GIVEN DATA
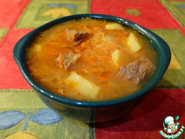 Товарищи дорогие, очень прошу вас не морщить сразу носики и не хмурить бровки, что это «стопятьсотый рецепт щей», выслушайте меня, пожалуйста, сначала, а потом уже «кройте». Собралась я готовить очередной раз щи и решила посмотреть, что есть на «Поварёнке», какие варианты. На запрос «Щи кислые» вышло 10 рецептов, по ингредиентам 58. Я просмотрела все. Прекрасные варианты и с пшеном и с грибами и с рыбой. Похожих на мой 5-6 вариантов, но где то одного нет, где то другого…Я училась готовить эти щи по книге «Краткая энциклопедия домашнего хозяйства»1959г. Когда вышла замуж, в далёком 1992. Готовлю их только так много лет и очень надеюсь, что мой вариант щей не помешает жить тем, кто делает их как то по своему и буду безмерно рада, если он пригодится начинающим кулинарам и останется с ними на долгие годы. Одно я могу обещать точно, что эти щи наваристые, сытные и очень вкусные. Спасибо за внимание.
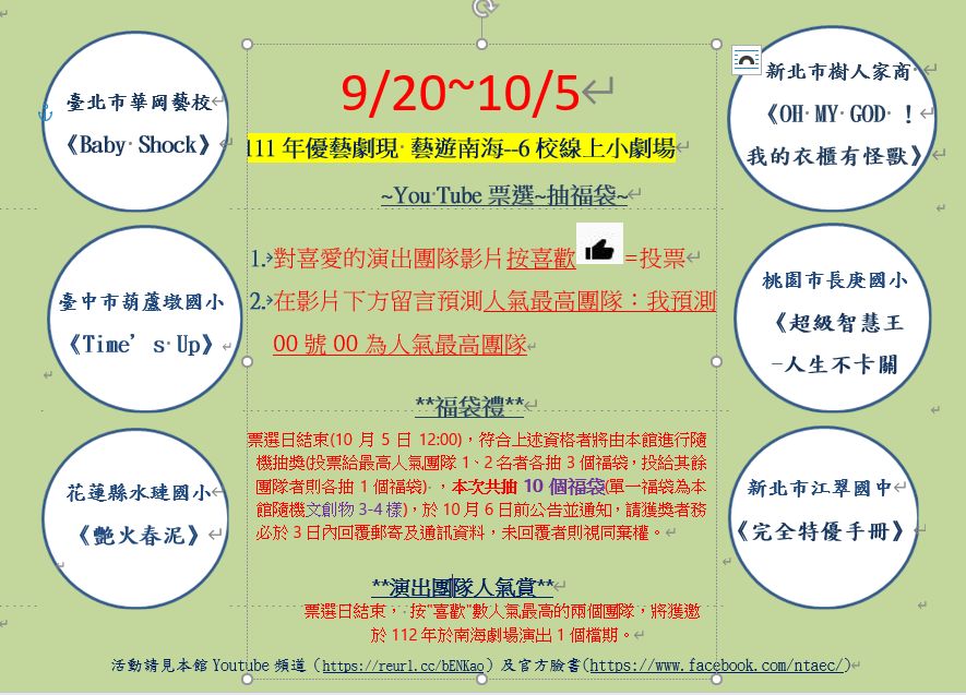 二、檢附原函、旨揭活動簡介、福袋簡介、 6 校團隊劇目介紹及海報各 1 份如附件。
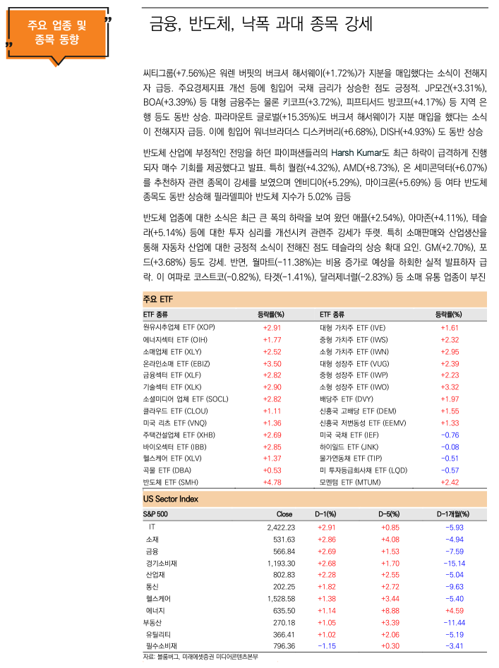 PHLX 반도체지수 | 3,066.50 | 146.44 | 5.0% | 30/0/0 |
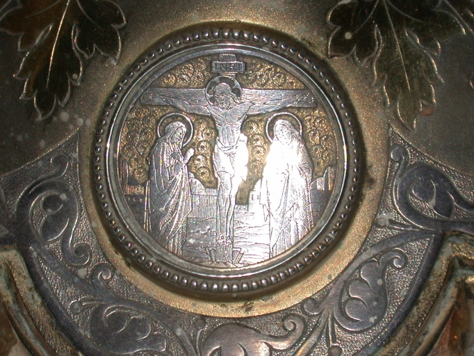 Sur le pied : Nativité, Multiplication des pains, Calvaire (médaillons), rinceaux de vigne ; tige : rinceaux ; fausse coupe : blé, roseaux, représentation végétale.
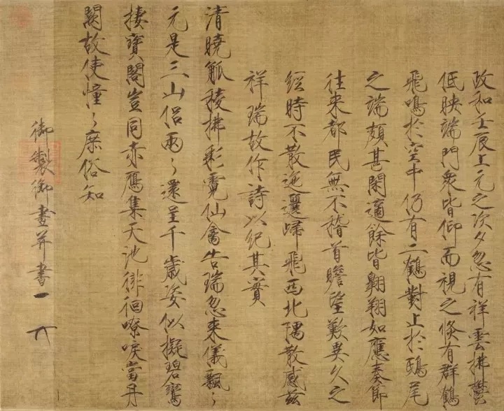 ▲宋徽宗《瑞鹤图》绢本,卷,楷书,后期风格,辽宁省博物馆藏。
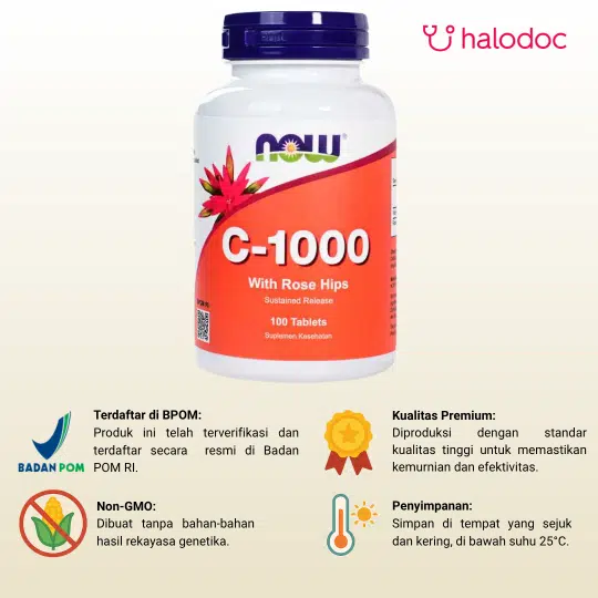 NOW VITAMIN C-1000 RH SR adalah suplemen kesehatan dengan Vitamin C dosis tinggi yang diformulasikan dalam bentuk tablet lepas lambat (Sustained Release/SR).
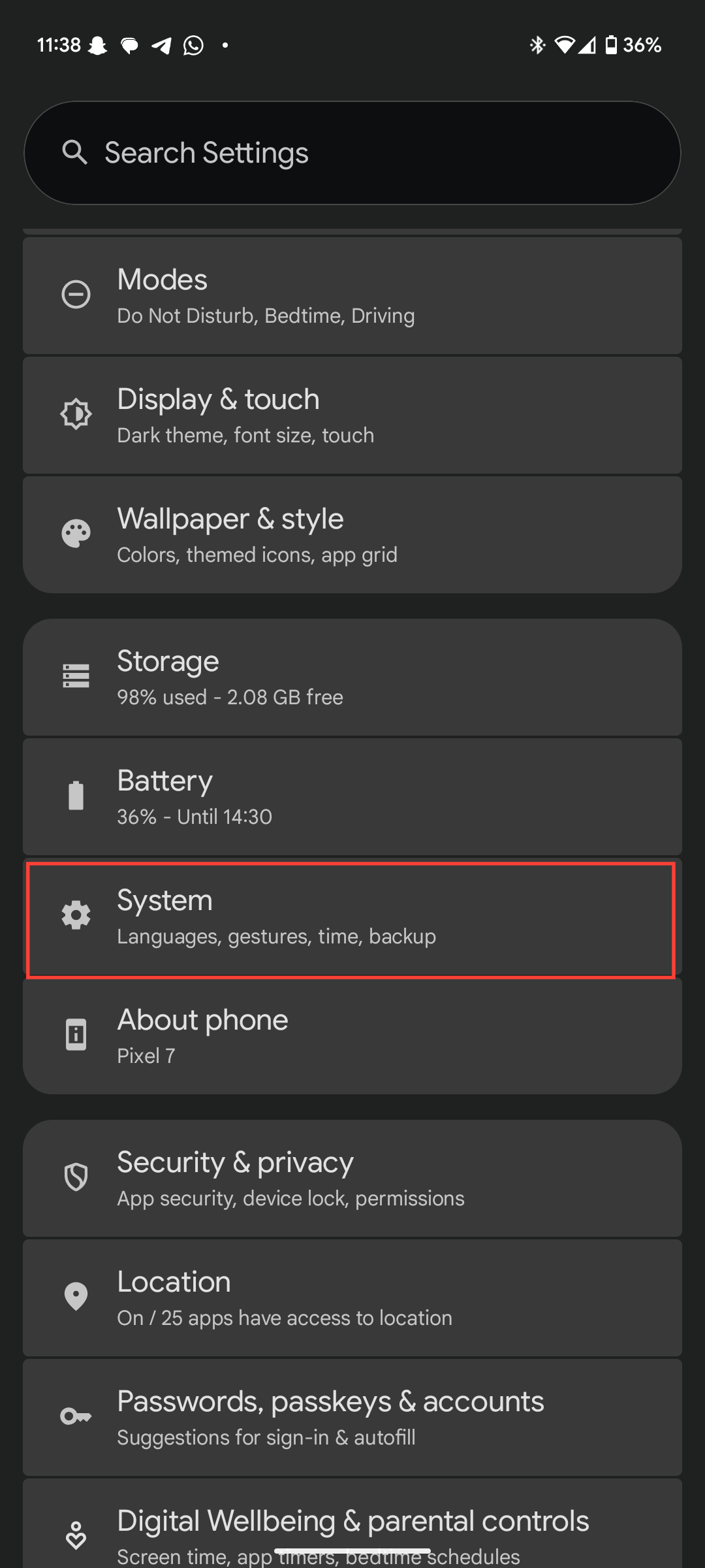 - If you use a Pixel device, it's a bit different. Go back to the settings main menu and select System.
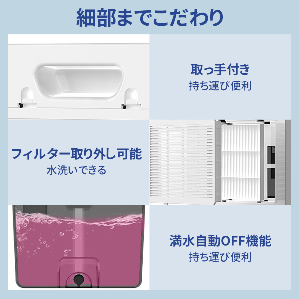 【革新的な半導体技術】電力を利用して熱を移動させる半導体熱電素子「ペルチェ素子」を採用した除湿機。空気を冷却し、結露を引き起こして湿気を取り除く仕組みです。除湿量は1日あたり450mlで、カビの発生を防ぎ、湿気や結露対策に最適。梅雨や夏の湿気対策、冬の結露対策として、年間を通して使用できます。【ご注意】除湿機の定格除湿量は、室温30℃、相対湿度85%の条件下での1日(24時間)の除湿量です。
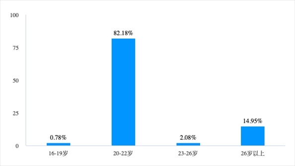 同樣,由于需要一天內(nèi)打卡多個甚至十幾個景點、為了節(jié)省成本而大量采取步行和騎行的“特種兵旅游”需要大量體力,因此集中在年輕人群,調(diào)查結(jié)果顯示有82.18%受訪者年齡段集中在20~22歲,可見大學(xué)生人群是對“特種兵旅游”感興趣和參與的主力。
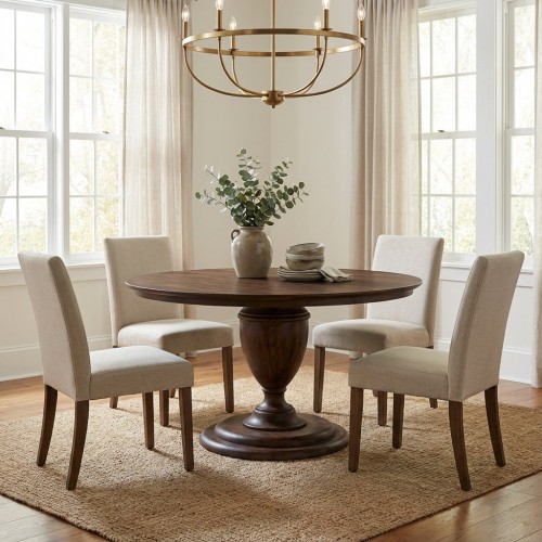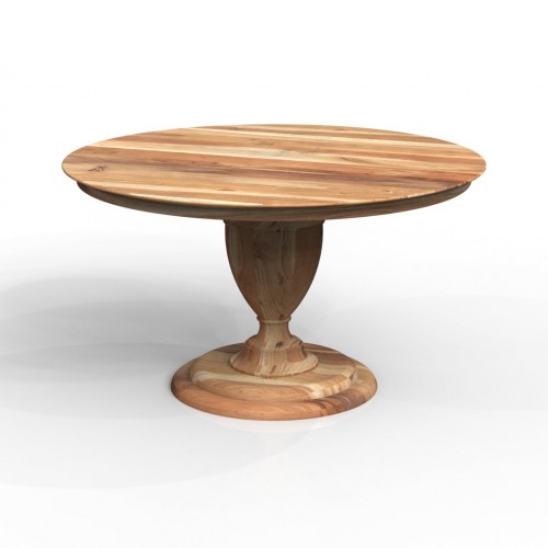 Manufactured from solid acacia hardwood. Utilizes hand-carved, solid acacia wood pedestal base for beauty & space efficiency.
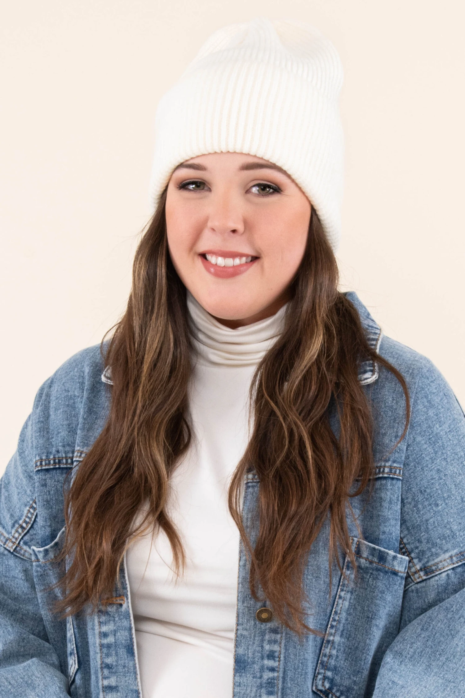 Stay warm and cozy in this beanie! It has the cutest solid white color, a trendy ribbed fabric, and a cozy feel that’s perfect for snow days! Style this beanie with a warm sweater and scarf for a fun cold weather look!
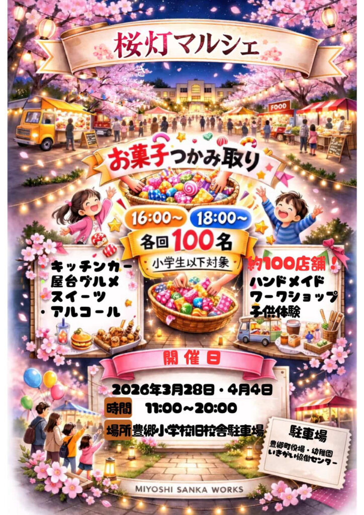 春のおでかけにぴったりな、家族で楽しめる「桜灯マルシェ」が2026年3月28日(土)、4月4日(土)に開催されます!
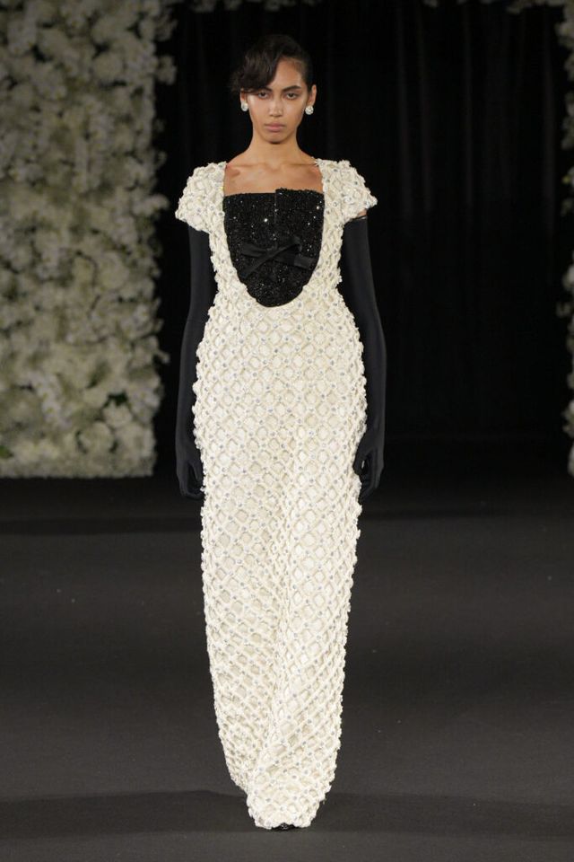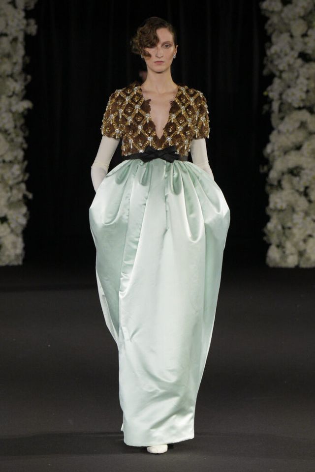 NOTE 런던의 도체스터 호텔 볼룸에서 관현악단의 연주와 함께 소규모 관중 앞에서 진행한 리처드 퀸 컬렉션 쇼는 마치 중세 귀족의 결혼식을 보는 듯했다. ‘시간이 지나도 소중히 간직할 수 있는 옷’. 리처드 퀸이 지난 시즌부터 추구하고 있는 미학이다. 굳센 런던의 쿠튀리에는 이번 시즌 역시 시류에 휩쓸리지 않고 경건하고 고고하게 클래식한 컬렉션을 고수했다.

WHAT YOU NEED TO DO
Keep the pictures out, and write out the rest of the data above word for word.

FINISHED TASK
 Товарищи дорогие, очень прошу вас не морщить сразу носики и не хмурить бровки, что это «стопятьсотый рецепт щей», выслушайте меня, пожалуйста, сначала, а потом уже «кройте». Собралась я готовить очередной раз щи и решила посмотреть, что есть на «Поварёнке», какие варианты. На запрос «Щи кислые» вышло 10 рецептов, по ингредиентам 58. Я просмотрела все. Прекрасные варианты и с пшеном и с грибами и с рыбой. Похожих на мой 5-6 вариантов, но где то одного нет, где то другого…Я училась готовить эти щи по книге «Краткая энциклопедия домашнего хозяйства»1959г. Когда вышла замуж, в далёком 1992. Готовлю их только так много лет и очень надеюсь, что мой вариант щей не помешает жить тем, кто делает их как то по своему и буду безмерно рада, если он пригодится начинающим кулинарам и останется с ними на долгие годы. Одно я могу обещать точно, что эти щи наваристые, сытные и очень вкусные. Спасибо за внимание.
 二、檢附原函、旨揭活動簡介、福袋簡介、 6 校團隊劇目介紹及海報各 1 份如附件。
 PHLX 반도체지수 | 3,066.50 | 146.44 | 5.0% | 30/0/0 |
 Sur le pied : Nativité, Multiplication des pains, Calvaire (médaillons), rinceaux de vigne ; tige : rinceaux ; fausse coupe : blé, roseaux, représentation végétale.
 ▲宋徽宗《瑞鹤图》绢本,卷,楷书,后期风格,辽宁省博物馆藏。
 NOW VITAMIN C-1000 RH SR adalah suplemen kesehatan dengan Vitamin C dosis tinggi yang diformulasikan dalam bentuk tablet lepas lambat (Sustained Release/SR).
 - If you use a Pixel device, it's a bit different. Go back to the settings main menu and select System.
 【革新的な半導体技術】電力を利用して熱を移動させる半導体熱電素子「ペルチェ素子」を採用した除湿機。空気を冷却し、結露を引き起こして湿気を取り除く仕組みです。除湿量は1日あたり450mlで、カビの発生を防ぎ、湿気や結露対策に最適。梅雨や夏の湿気対策、冬の結露対策として、年間を通して使用できます。【ご注意】除湿機の定格除湿量は、室温30℃、相対湿度85%の条件下での1日(24時間)の除湿量です。
 同樣,由于需要一天內(nèi)打卡多個甚至十幾個景點、為了節(jié)省成本而大量采取步行和騎行的“特種兵旅游”需要大量體力,因此集中在年輕人群,調(diào)查結(jié)果顯示有82.18%受訪者年齡段集中在20~22歲,可見大學(xué)生人群是對“特種兵旅游”感興趣和參與的主力。
 Manufactured from solid acacia hardwood. Utilizes hand-carved, solid acacia wood pedestal base for beauty & space efficiency.
 Stay warm and cozy in this beanie! It has the cutest solid white color, a trendy ribbed fabric, and a cozy feel that’s perfect for snow days! Style this beanie with a warm sweater and scarf for a fun cold weather look!
 春のおでかけにぴったりな、家族で楽しめる「桜灯マルシェ」が2026年3月28日(土)、4月4日(土)に開催されます!
 NOTE 런던의 도체스터 호텔 볼룸에서 관현악단의 연주와 함께 소규모 관중 앞에서 진행한 리처드 퀸 컬렉션 쇼는 마치 중세 귀족의 결혼식을 보는 듯했다. ‘시간이 지나도 소중히 간직할 수 있는 옷’. 리처드 퀸이 지난 시즌부터 추구하고 있는 미학이다. 굳센 런던의 쿠튀리에는 이번 시즌 역시 시류에 휩쓸리지 않고 경건하고 고고하게 클래식한 컬렉션을 고수했다.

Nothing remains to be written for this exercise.